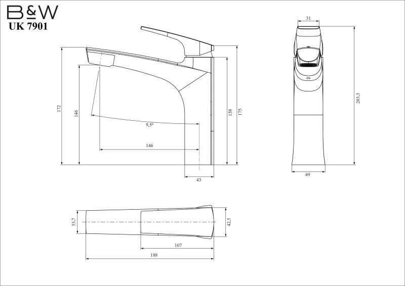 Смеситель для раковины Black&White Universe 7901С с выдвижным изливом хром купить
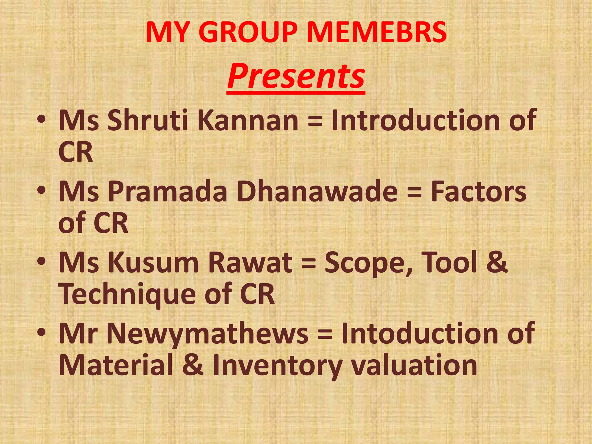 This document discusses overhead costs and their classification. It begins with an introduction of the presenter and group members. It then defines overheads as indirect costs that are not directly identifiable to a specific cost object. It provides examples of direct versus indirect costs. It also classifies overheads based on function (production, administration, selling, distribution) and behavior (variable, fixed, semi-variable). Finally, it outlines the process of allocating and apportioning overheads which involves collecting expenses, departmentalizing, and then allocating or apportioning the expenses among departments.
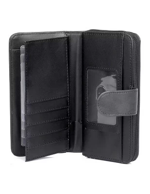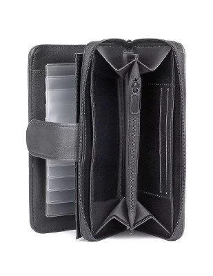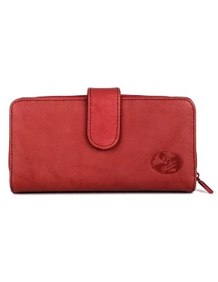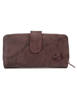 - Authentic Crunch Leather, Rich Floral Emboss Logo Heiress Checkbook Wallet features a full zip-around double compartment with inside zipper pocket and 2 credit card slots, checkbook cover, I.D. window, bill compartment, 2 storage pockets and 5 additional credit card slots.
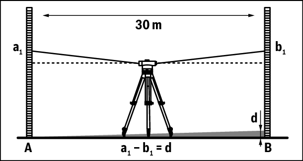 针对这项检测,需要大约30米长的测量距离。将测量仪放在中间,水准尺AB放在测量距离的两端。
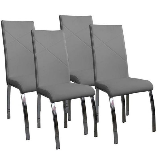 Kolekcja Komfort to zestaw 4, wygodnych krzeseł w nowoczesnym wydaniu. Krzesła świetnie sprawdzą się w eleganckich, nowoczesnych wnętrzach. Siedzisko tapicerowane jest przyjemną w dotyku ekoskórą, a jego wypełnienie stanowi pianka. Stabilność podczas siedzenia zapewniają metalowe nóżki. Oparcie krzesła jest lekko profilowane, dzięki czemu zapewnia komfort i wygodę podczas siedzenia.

##############################

§ **DIRECTIONS**:
Write out each entry word for word, images excluded.

§ **EXERCISE RESULT**:
 Смеситель для раковины Black&White Universe 7901С с выдвижным изливом хром купить
 This document discusses overhead costs and their classification. It begins with an introduction of the presenter and group members. It then defines overheads as indirect costs that are not directly identifiable to a specific cost object. It provides examples of direct versus indirect costs. It also classifies overheads based on function (production, administration, selling, distribution) and behavior (variable, fixed, semi-variable). Finally, it outlines the process of allocating and apportioning overheads which involves collecting expenses, departmentalizing, and then allocating or apportioning the expenses among departments.
 - Authentic Crunch Leather, Rich Floral Emboss Logo Heiress Checkbook Wallet features a full zip-around double compartment with inside zipper pocket and 2 credit card slots, checkbook cover, I.D. window, bill compartment, 2 storage pockets and 5 additional credit card slots.
 针对这项检测,需要大约30米长的测量距离。将测量仪放在中间,水准尺AB放在测量距离的两端。
 Kolekcja Komfort to zestaw 4, wygodnych krzeseł w nowoczesnym wydaniu. Krzesła świetnie sprawdzą się w eleganckich, nowoczesnych wnętrzach. Siedzisko tapicerowane jest przyjemną w dotyku ekoskórą, a jego wypełnienie stanowi pianka. Stabilność podczas siedzenia zapewniają metalowe nóżki. Oparcie krzesła jest lekko profilowane, dzięki czemu zapewnia komfort i wygodę podczas siedzenia.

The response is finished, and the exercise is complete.